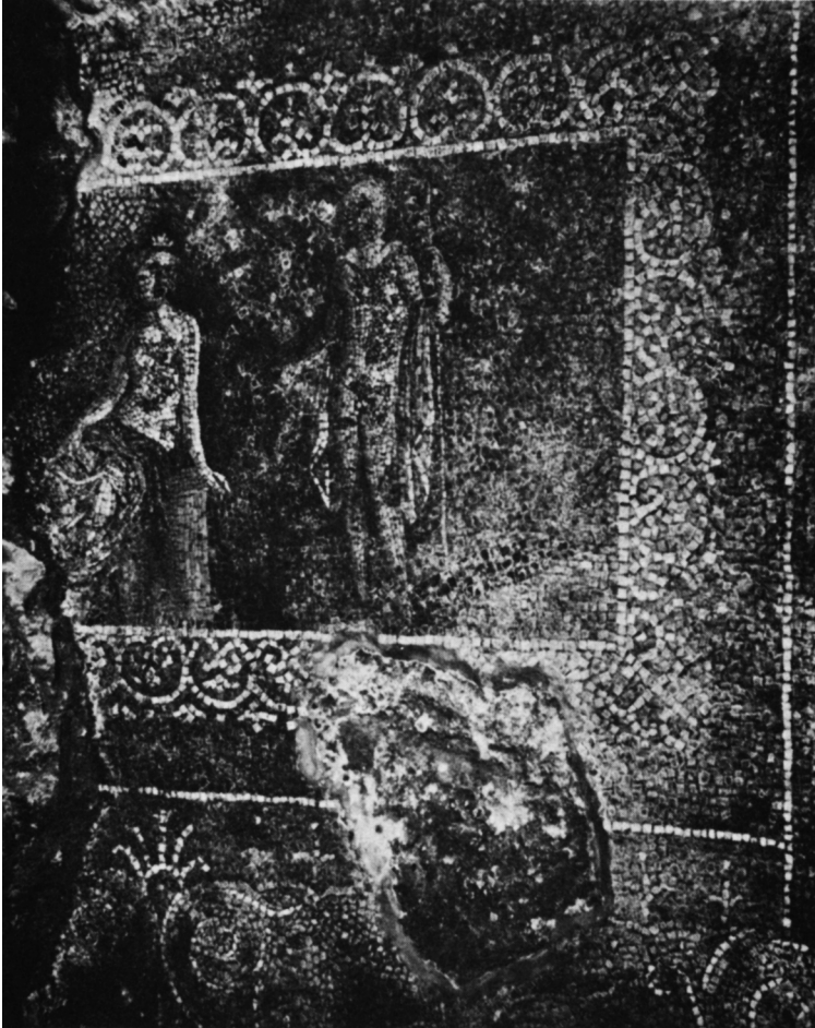
Io und Argos. Römisches Wandmosaik neronisch-flavischer Zeit (Quirinal).
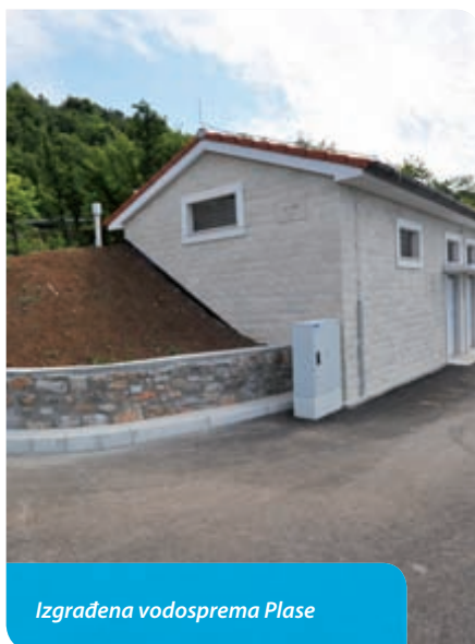
Izgrađena vodosprema Plase
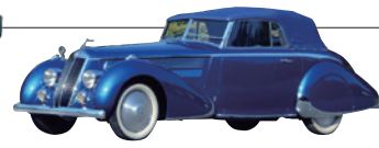
ランチア アストウラ ティポ 233C (1936/伊)
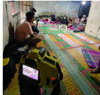
Gambar 4. Lokasi tempat produksi

suara lingkungan akan menjadi pertimbangan utama untuk menjaga keaslian dan nuansa lokal dalam dokumenter ini. Tahap Pasca Produksi kemudian akan melibatkan proses editing yang cermat untuk menyusun gambar dan suara menjadi sebuah narasi yang kohesif, termasuk penambahan musik, narasi suara, dan efek suara yang diperlukan. Dengan demikian, setiap tahap dalam perancangan film dokumenter ini dirancang untuk menghasilkan sebuah karya yang informatif, inspiratif, dan mampu memperlihatkan keunikan serta kekayaan budaya Desa Koto Dian kepada audiens yang lebih luas. Lihat pada gambar 4 yang tersaji dibawah ini.
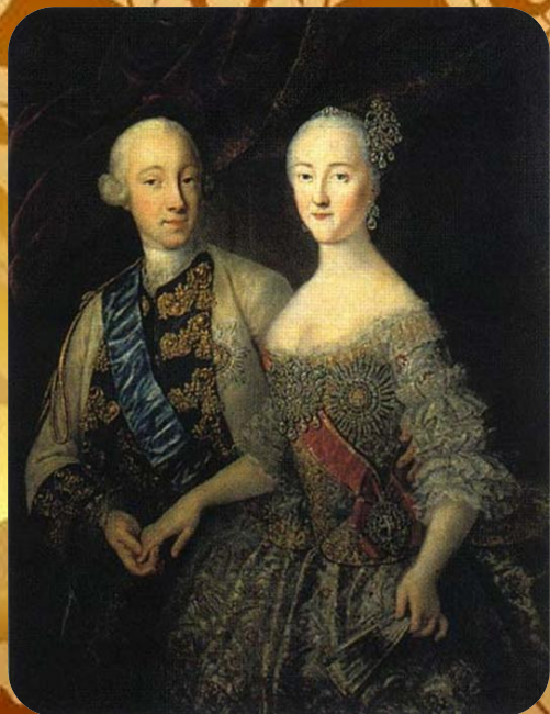
Портрет Петра Федоровича и Екатерины Алексеевны неизвестного художника
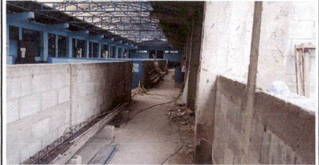
Foto 4: Instalación de piso de granito en el corredor frente a los salones del Módulo 2 del 3er nivel del Centro Educativo.
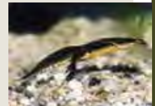
Mlok karpatský ( Triturus montandoni )
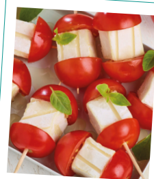
P'tit Pavé Nature et sa tomate

*Source : Données Food Usage - Consommation à domicile + emporté du domicile - Base individus - CAM P6 2016
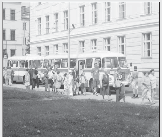
Snímek ze Dnů evropského dědictví v Opavě.

vedoucí odboru prezentace a zahraničních vztahů města
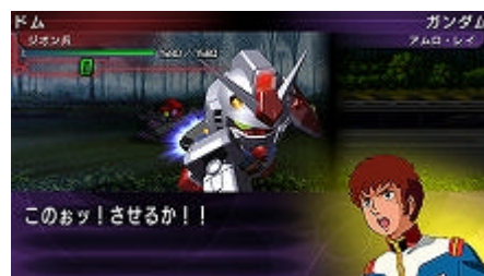
ゲーム画面 (ワイド画面で迫力のバトルを展開)

前作では途中までしか収録されていなかった「 ターンエー ガンダム」のシナリオを完全収録したほか、アニメ最新作「機動戦士ガンダム SEED」 、 「機動戦士ガンダム SEED DESTINY」のシナリオも収録。プレイヤーは好きな作品を自由に選んで、どのシナリオからでもプレイすることができます。
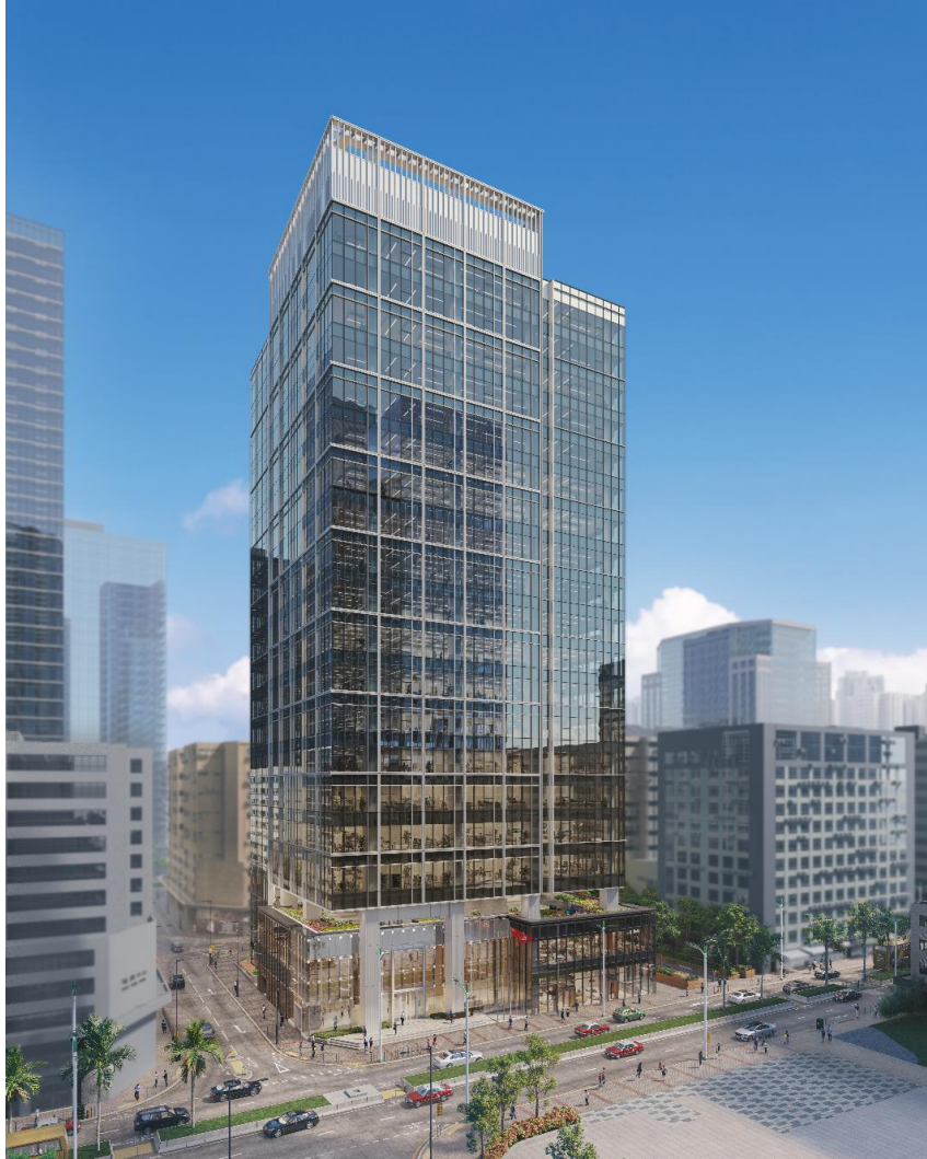
图片一：楼高 23 层的九龙东全新地标式商业综合项目「THE CENDAS」外观时尚中流露高雅格调，特设有 30 米宽阔大门入口宛如自成一国屹立于九龙湾常悦道 15 号。
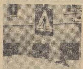
Centrum Warszawy 3 marca 1970 roku. CAF - Sokółowski - telefoto

drodze pod Łuźmierzem ciągnęła się niemal 4 km. Do oczyszczenia bieżących tam torów tramwajowych przystąpili żołnierze łódzkiego pułku OTK. W innych, równie potężnych zaspach, ugrzęzły w całym kraju 144 autobusy, 3 z nich na terenie naszego województwa jeszcze w godzinach popołudniowych nie wróciły do baz.
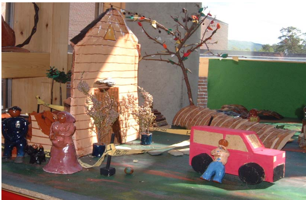
Huset som brant
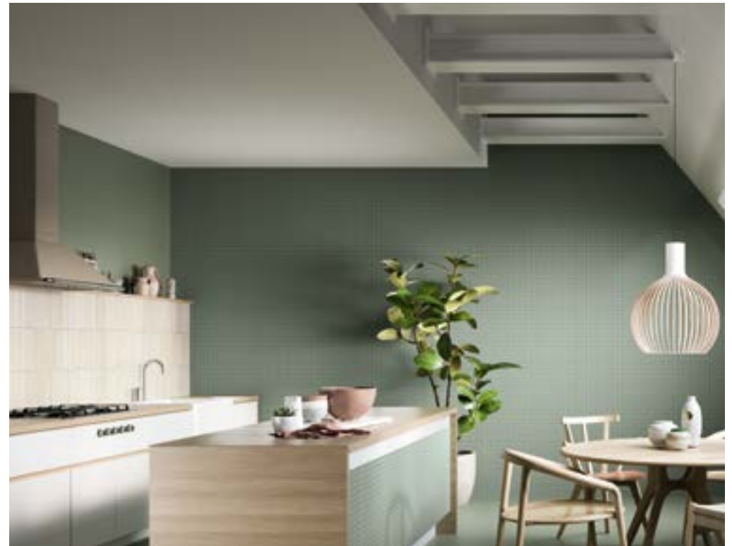
SAP MATT RECT 60X120.TAPESTRY SAP RECT 60X120.MURUS NIX 7X28
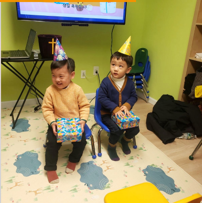
12/11 12월 생일축하
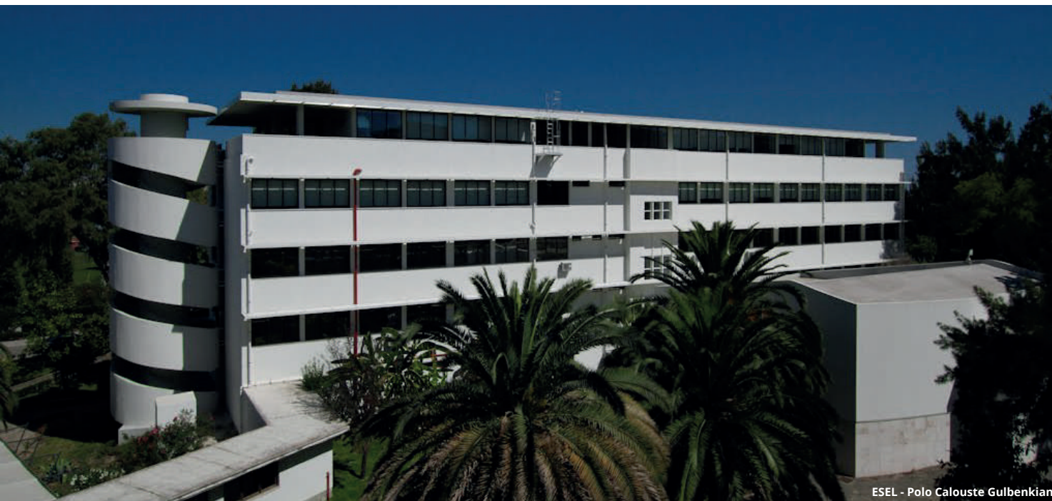
ESEL - Polo Calouste Gulbenkian
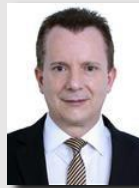
Celso Russomanno (REPUBLICANOS/SP)
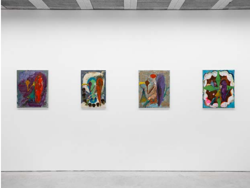
In Search of the Ridiculous Exhibition View Nosbaum Reding, Brussels, 2025
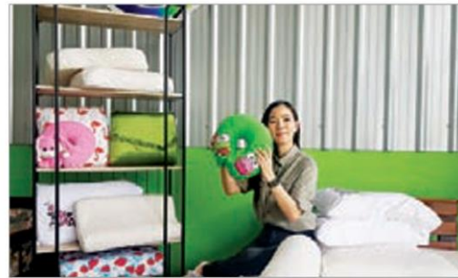
ผลิตภัณฑ์ "ตะลุงลาเท็กซ์" จากน้ำยางพาราชั้น "พาราฟิต"

ก่อนผลิตหมอนและที่นอนยางพาราจะต้องปมน้ำยางพารา ให้กลายเป็นน้ำยางพาราชั้นและกำจัดแอมโมเนียออกจากน้ำยางชั้นให้อยู่ในระดับเหมาะสมก่อน ซึ่งปกติในขั้นตอนการผลิตน้ำยางชั้นนั้นจะใช้เวลานานถึง 21 วัน แต่น้ำยางชั้นพาราฟิตใช้เวลาผลิตเพียง 1-3 วัน เนื่องจากไม่ต้องมีขั้นตอนกำจัดแอมโมเนียออกจากน้ำยางชั้น และยังลดความเสี่ยงน้ำยางน้ำบูดจากการปมที่ใช้เวลาหลายวันด้วย
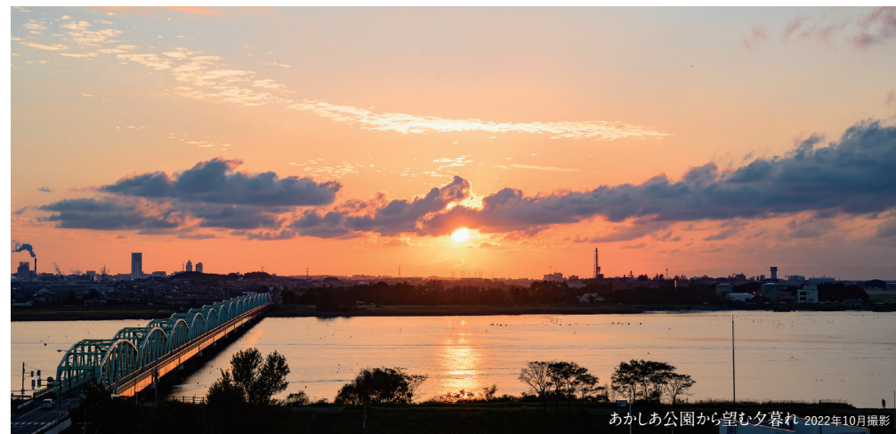
あかしあ公園から望む夕暮れ 2022年10月撮影
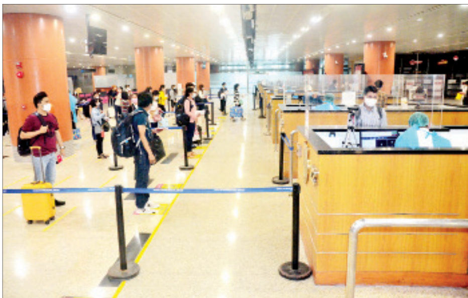
စင်ကာပူနိုင်ငံမှ ပြန်လည်ရောက်ရှိလာသည့် မြန်မာနိုင်ငံသားများအား ရန်ကုန်အပြည်ပြည်ဆိုင်ရာလေဆိပ်၌ တွေ့ရစဉ်။

ထို့ပြင် ထိုင်းနိုင်ငံ၌ အခက်အခဲ ကြုံတွေ့နေရသည့် မြန်မာနိုင်ငံသား ၃၉ ဦးအား ဗန်ကောက်မြို့ မြန်မာ သံရုံးက စီစဉ်သည့် (၁၃)ကြိမ်မြောက် မြန်မာအမျိုးသားလေကြောင်း(MNA) ကယ်ဆယ်ရေးလေယာဉ်ဖြင့် ပြန်လည် စာမျက်နှာ ၈ ကော်လံ ၁ သို့ ❖
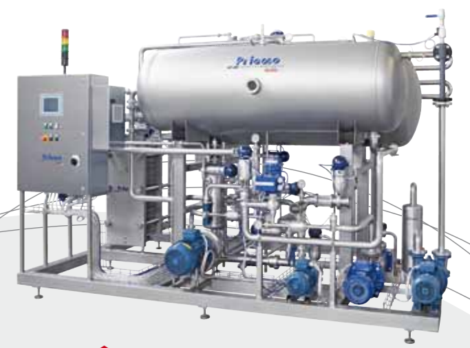
Premix / Премикс / 预混料机 / ماكينة تحضير الخلط
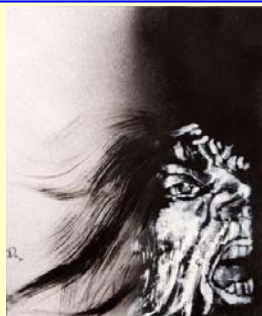
نقاشی از دلارا دارابی
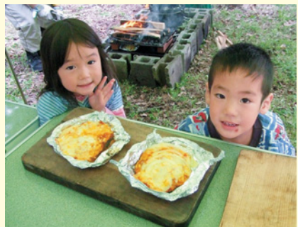
鉄板を重ねたオープンで焼いた手作りピザ

日 8月24日(金)午前8時~26日(日)午後6時 (2泊3日、区役所集合・解散、往復バス) 会 軽井沢レクの森キャンプ場 人 40人 (抽選) 料 12,000円 (小・中学生8,000円、3歳以上4,000円) 主催/品川区キャンプ協会 日 7月10日(火)までに、はがきかFAXに 「キャンプ」とし、住所、電話番号、参 加者全員の氏名・年齢をスポーツ協会へ
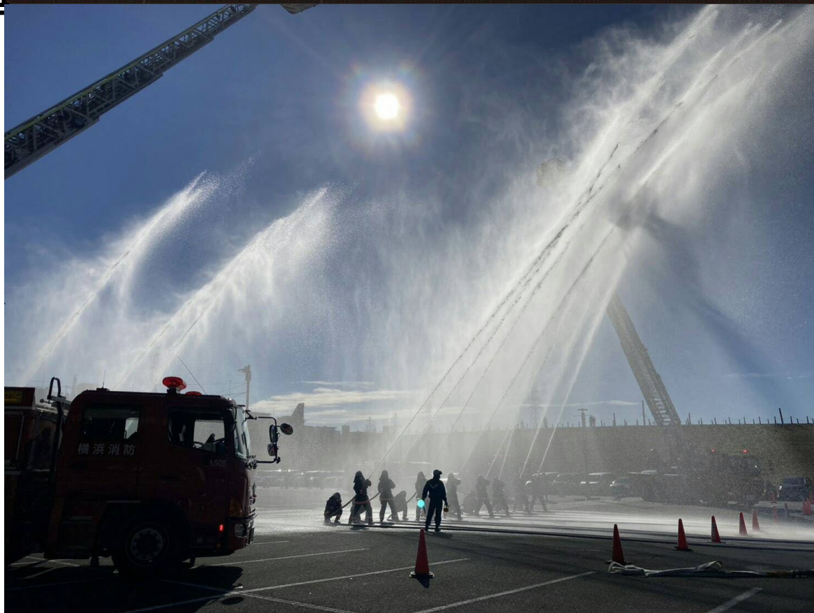
第3回港北消防フォトイベント
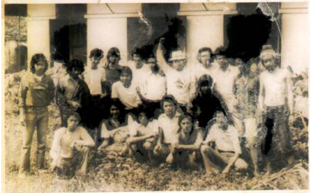
Penjara Tahanan Politik Cimahi 1978

dari jurusan Elektro, ketika melakukan serangan fajar mengendarai vespa tertangkap polisi tibus (ketertiban umum) kemudian dimasukkan ke kendaraan truk terbuka dan ditahan sementara di kantor kodim baru di sore harinya kami dibawa ke penjara tahanan politik Cimahi diinapkan di sana selama 35 hari. Kami bertemu dengan rekan-rekan mahasiswa ITB lainnya yang mereka juga tertangkap sedang melakukan serangan fajar di tempat lain.
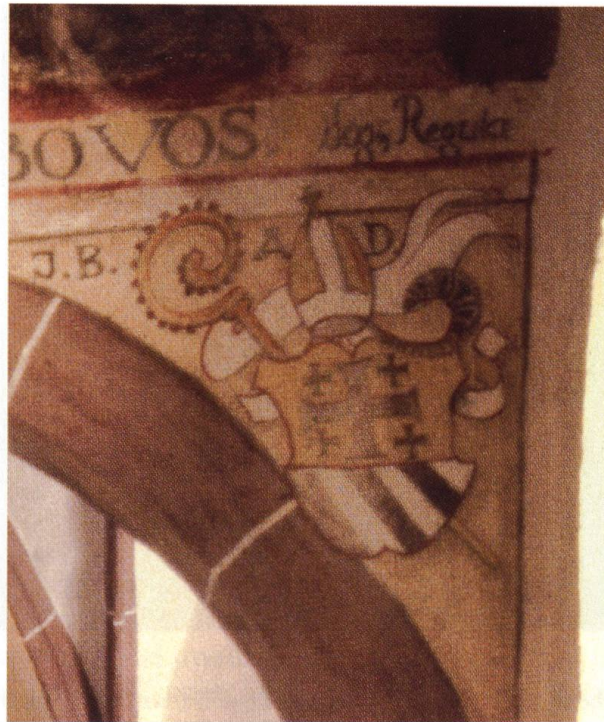
Bild 3 Wappen des Abtes Jakob Bundi in der alten St. Benediktiskapelle.
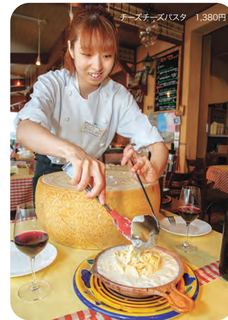
チーズチーズパスタ 1,380円
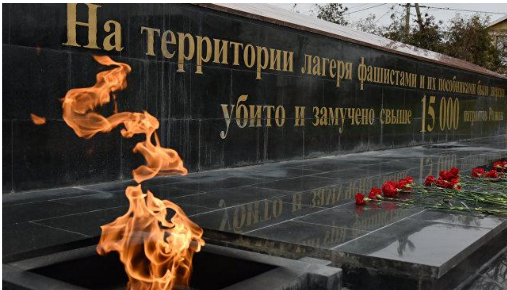
Мемориал концлагеря «Красный»
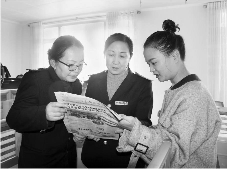
菏泽汽车总站工作人员到本报编辑部办理和贫困娃“认亲”手续

本报讯(牡丹晚报全媒体记者 淑娅) 11月10日,由共青团菏泽市委、牡丹晚报联合主办的第十六届希望工程菏泽认亲会启动第二天,又有33名贫困娃被“认亲”,目前还剩60名贫困娃等待与爱心人士“结亲”,欢迎广大爱心市民积极参与。 11月10日一早,菏泽汽车总站的工作人员来到牡丹晚报编辑部,捐赠2000元爱心款,“认”下两名贫困儿童。这位工作人员说:“往年我们也参与过这项活动,知道‘认亲’流程,我们想帮扶两个牡丹区的孩子,这样平时方便去看望他们。我们和往年‘认’下的贫困娃一直都有联系,平时会帮助他们,给他们买些学习、生活用品,希
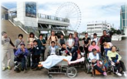
△水族館楽しんできまーす

潮の香り漂う風を感じながら「来られて良かったわ」と笑顔で話され、楽しい一日を過ごされました。
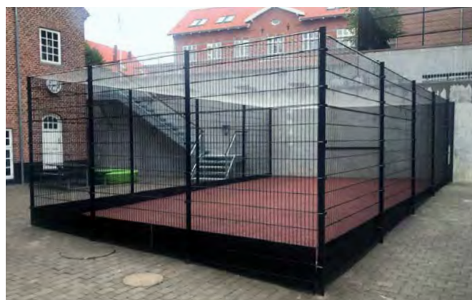
Boldbaner til skolegården med sort panelhegn
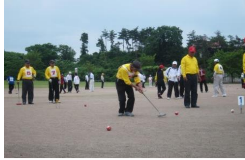
東根市 さくらんぼゲートボール全国大会

§ WORK ITEM
Determine how many lines in the listing above contain "ำยางพาราช", giving the number and no other words.

§ RESPONSE AREA
2